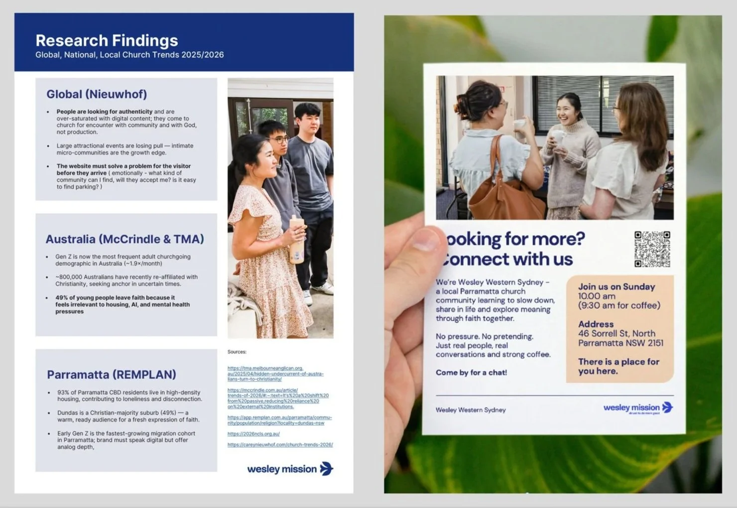 Goal: Position Wesley Western Sydney as a third place: a community you belong to, not a service you attend. Research-led, resource-light, and speaking authentically to a culturally diverse, digitally native audience.
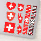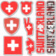 Amazing Switzerland Shapes National Symbols Sticker. Two country name stickers, one in the colours of the national flag and the other one covered in the Word Cloud with the words "Switzerland" written in the different alphabet forms and/or languages and fonts. All words are coloured with the national colours used on the flag of Switzerland, Beautiful heart, shield (escutcheon) and map filled with the representation of the Switzerland national flag. Hand sticker with the two fingers up, representing victory filled with the colours of the Switzerland national flag. The last two stickers are national flag of the Switzerland and the national Coat of Arms. This is the great set of superb stickers with most of them unique and hand drawn. All stickers are fully customisable using "Customise it!" feature. You can mix and match them as you wish. If you want multiple hearts but no shield fire away. Maybe you want only hand with the victory sign? Easy, remove everything else and make multiple copies of the hand. These grand stickers are the perfect sticky gift for any occasion. Fire away and stick them where your heart desire! © 2022 CountriesOfTheWorld
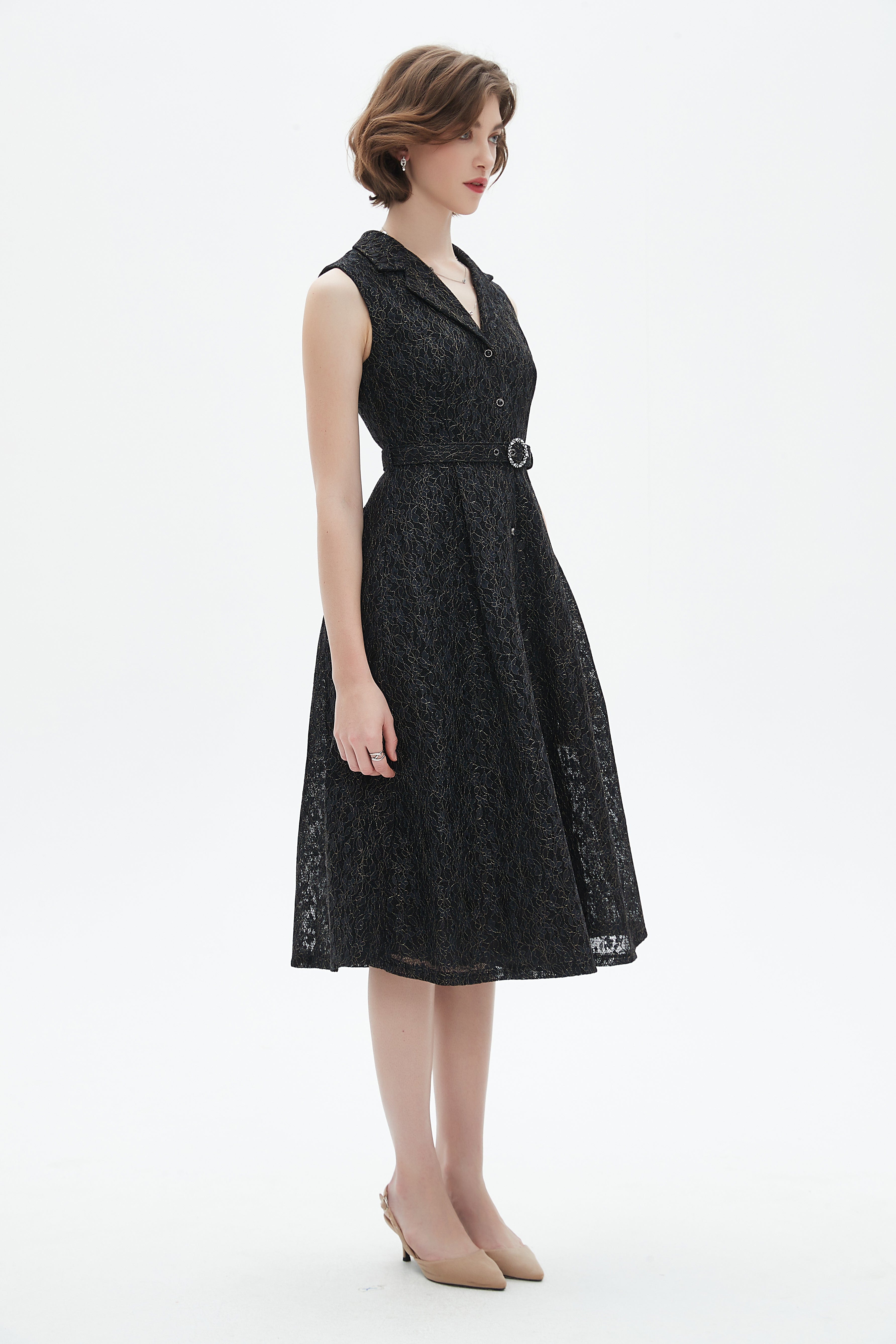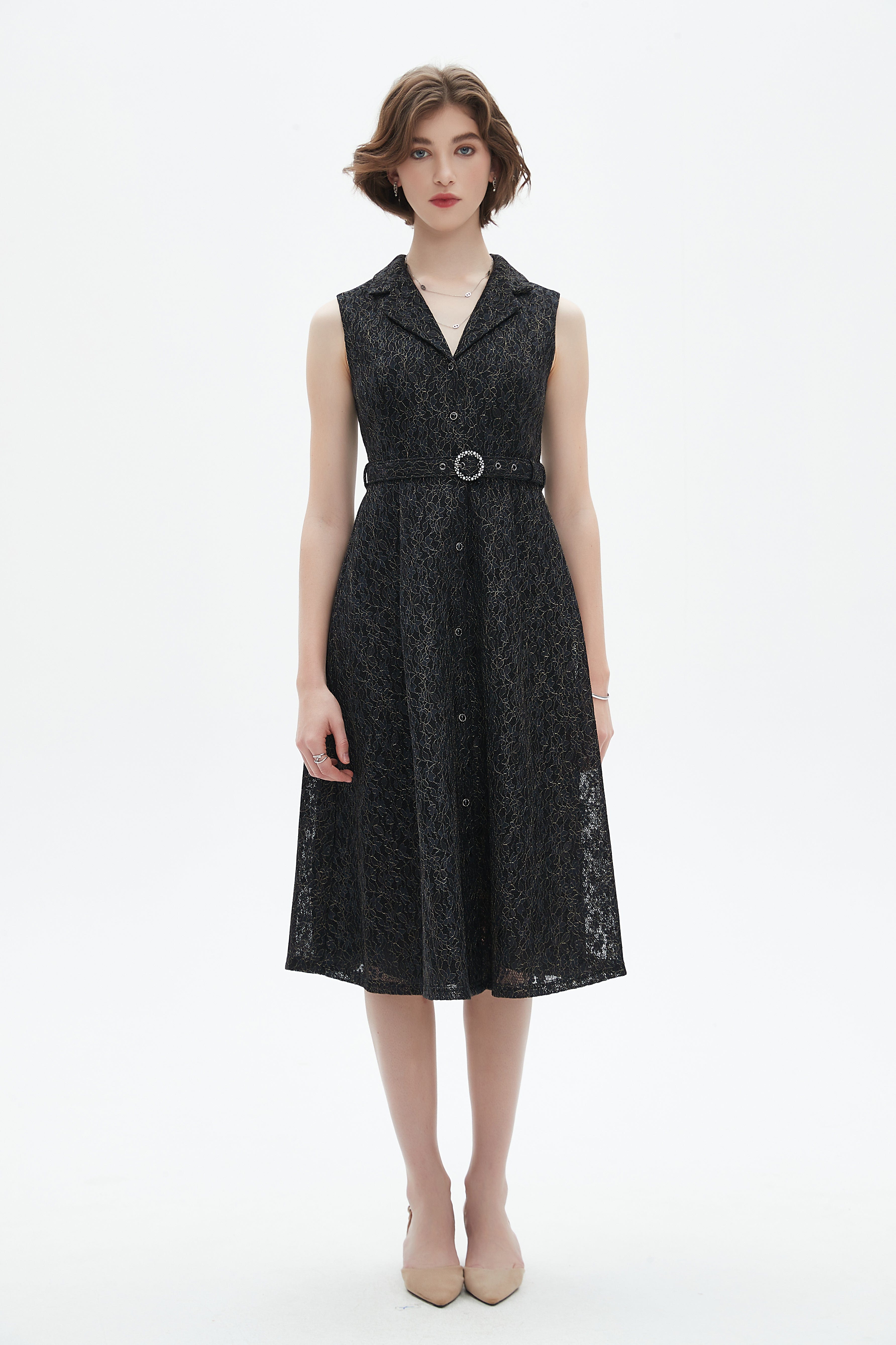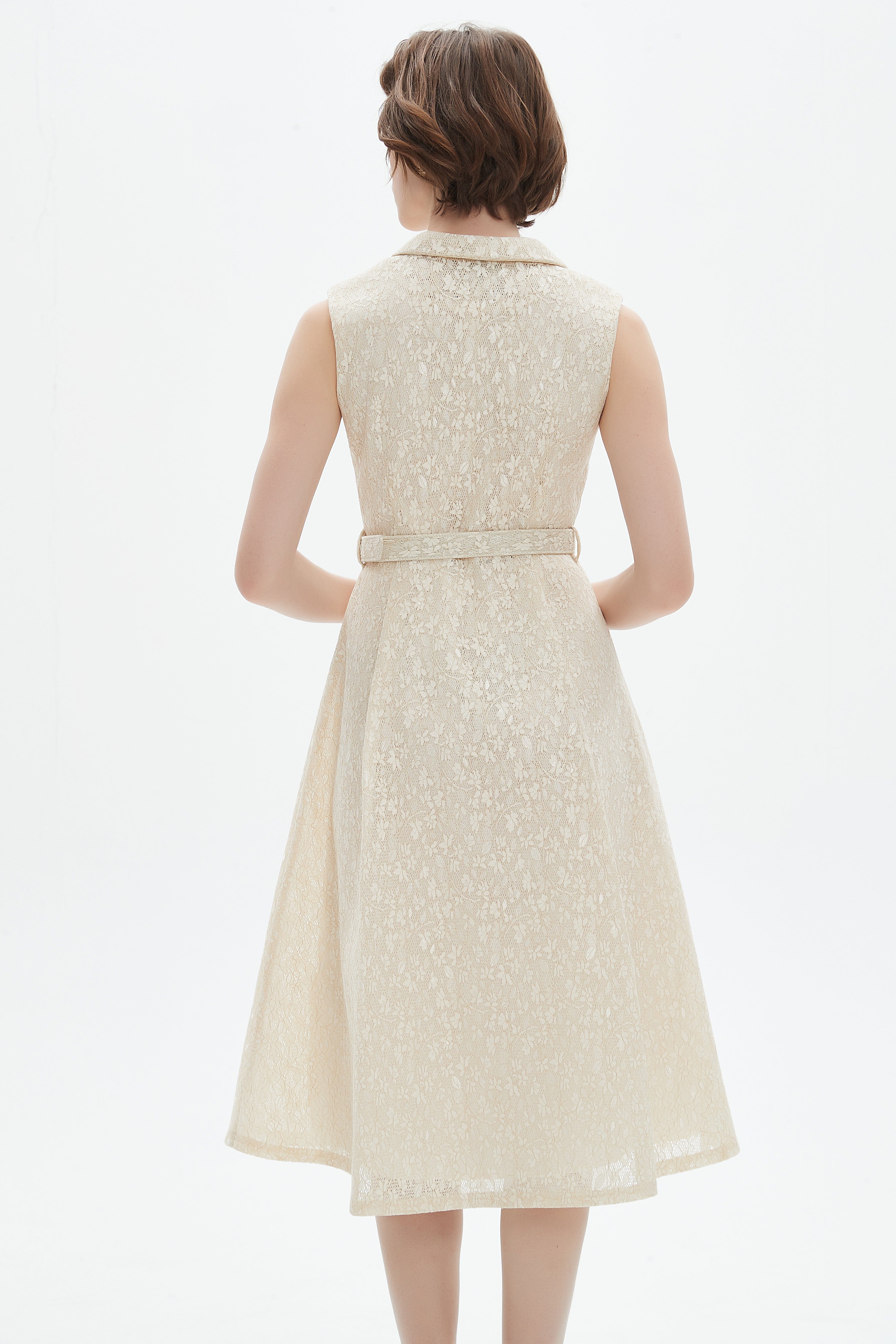 فستان قصير بدون أكمام بفتحة رقبة دائرية وتفاصيل دانتيل
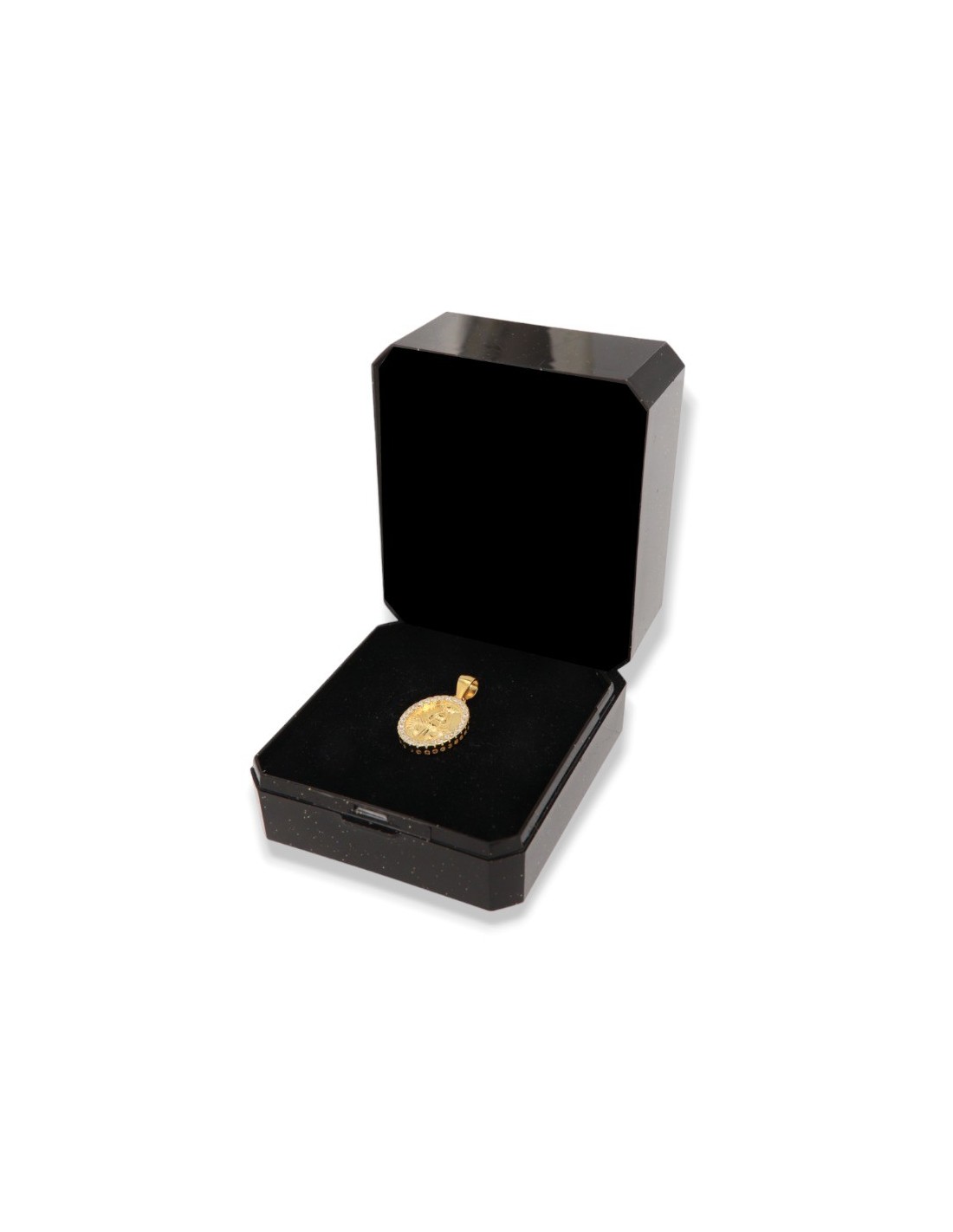 •MATERIALE: Il ciondolo è realizzato in argento 925‰ Dorato (trattamento brillantante contro l'annerimento) rappresentante da un lato la Madonna Miracolosa e dall'altro lato è riprodotto il Monogramma della vergine Maria, circondato dalle 12 stelle, i dodici apostoli, le 12 tribù di Israele, il tutto accompagnato da Zirconia Cubica o pietre CZ bianche, su tutto il bordo del ciondolo, con taglio di alta qualità simile al taglio Brillante del Diamante;
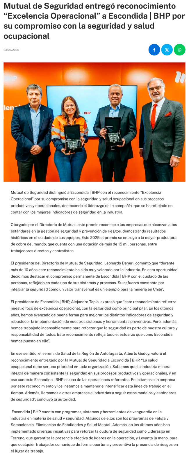 Mutual de Seguridad entregó reconocimiento “Excelencia Operacional” a Escondida | BHP por su compromiso con la seguridad y salud ocupacional - (timeline)
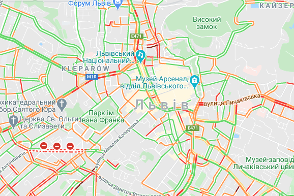 Згідно з даними Google Maps, станом на 09.20 год. затори у Львові є на:
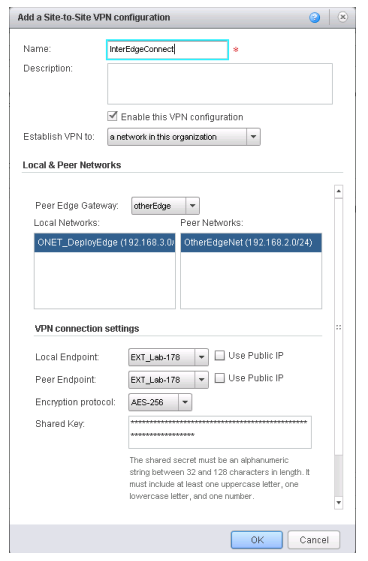 Помимо кейса с site-to-site VPN между двумя удаленными площадками возможен вариант подключения к другим сетям в рамках одной организации. Для этого требуется развертывание двух Edge, где каждый будет связан с соответствующей подсетью. Чтобы создать VPN-подключение, выполняют следующие действия: переходим в закладку Edge Gateway services -> Add и в поле Establish VPN to указываем значение a network in this organization.
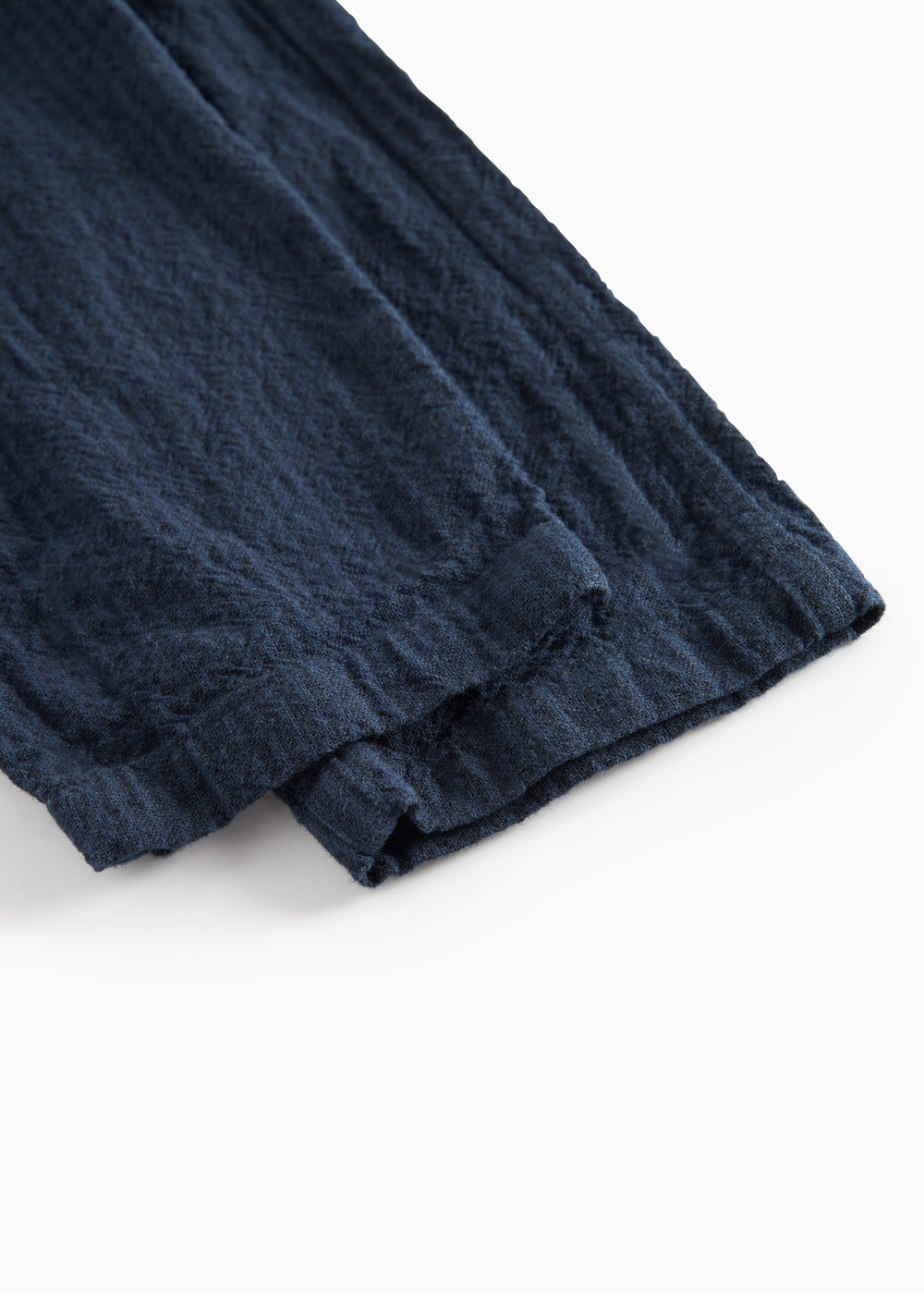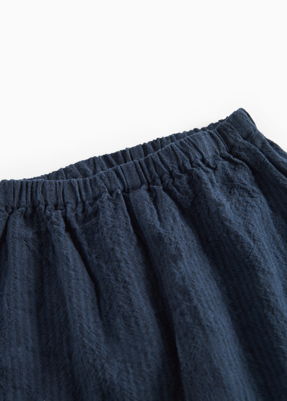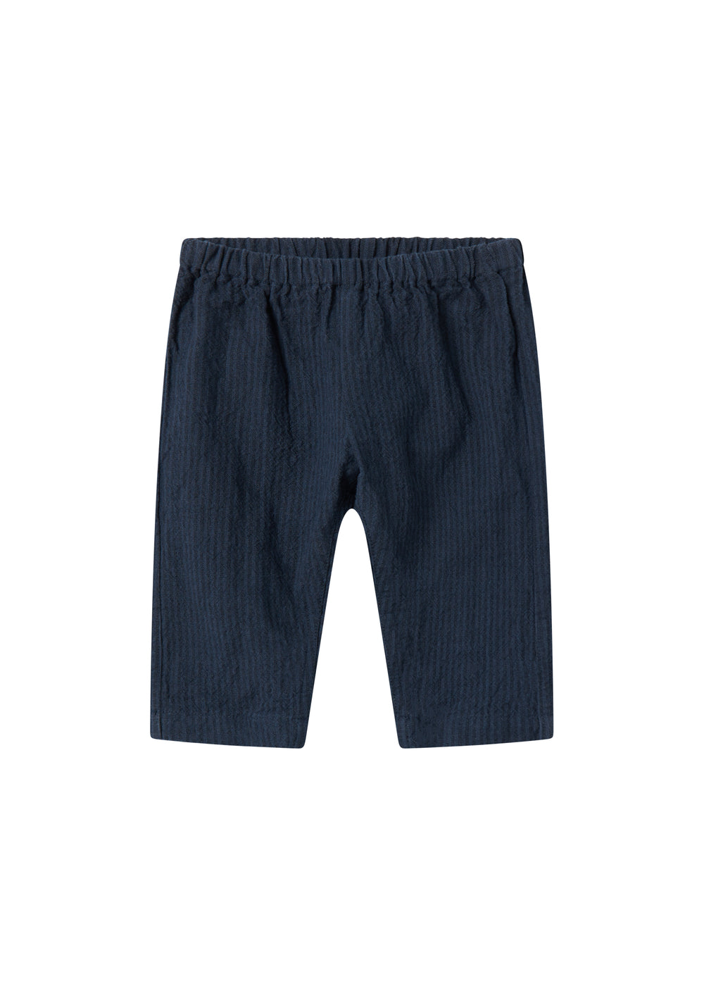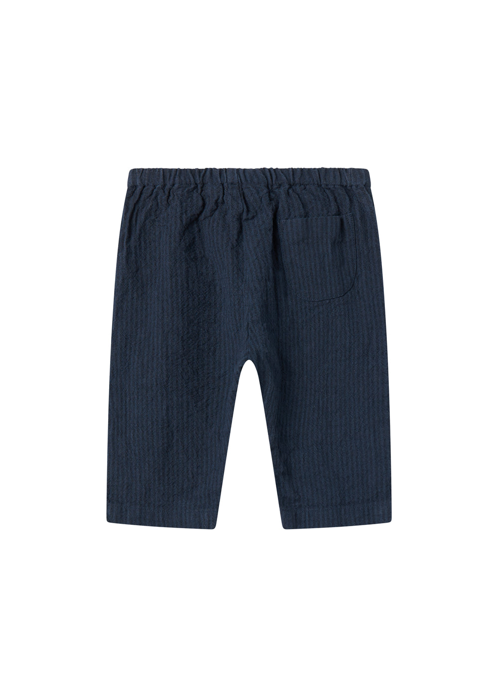 Comfortable baby pants in striped chambray denim, with a loose fit and a pocket on the back and elastic at the waist.

REQUIRED ACTION >> Repeat word for word the lines beginning at the one with "Brillante del Diamante;" and ending at the final line of the records above, both included, and no others. Leave the pictures out.

TASK RESPONSE >>
 •MATERIALE: Il ciondolo è realizzato in argento 925‰ Dorato (trattamento brillantante contro l'annerimento) rappresentante da un lato la Madonna Miracolosa e dall'altro lato è riprodotto il Monogramma della vergine Maria, circondato dalle 12 stelle, i dodici apostoli, le 12 tribù di Israele, il tutto accompagnato da Zirconia Cubica o pietre CZ bianche, su tutto il bordo del ciondolo, con taglio di alta qualità simile al taglio Brillante del Diamante;
 Mutual de Seguridad entregó reconocimiento “Excelencia Operacional” a Escondida | BHP por su compromiso con la seguridad y salud ocupacional - (timeline)
 Згідно з даними Google Maps, станом на 09.20 год. затори у Львові є на:
 Помимо кейса с site-to-site VPN между двумя удаленными площадками возможен вариант подключения к другим сетям в рамках одной организации. Для этого требуется развертывание двух Edge, где каждый будет связан с соответствующей подсетью. Чтобы создать VPN-подключение, выполняют следующие действия: переходим в закладку Edge Gateway services -> Add и в поле Establish VPN to указываем значение a network in this organization.
 Comfortable baby pants in striped chambray denim, with a loose fit and a pocket on the back and elastic at the waist.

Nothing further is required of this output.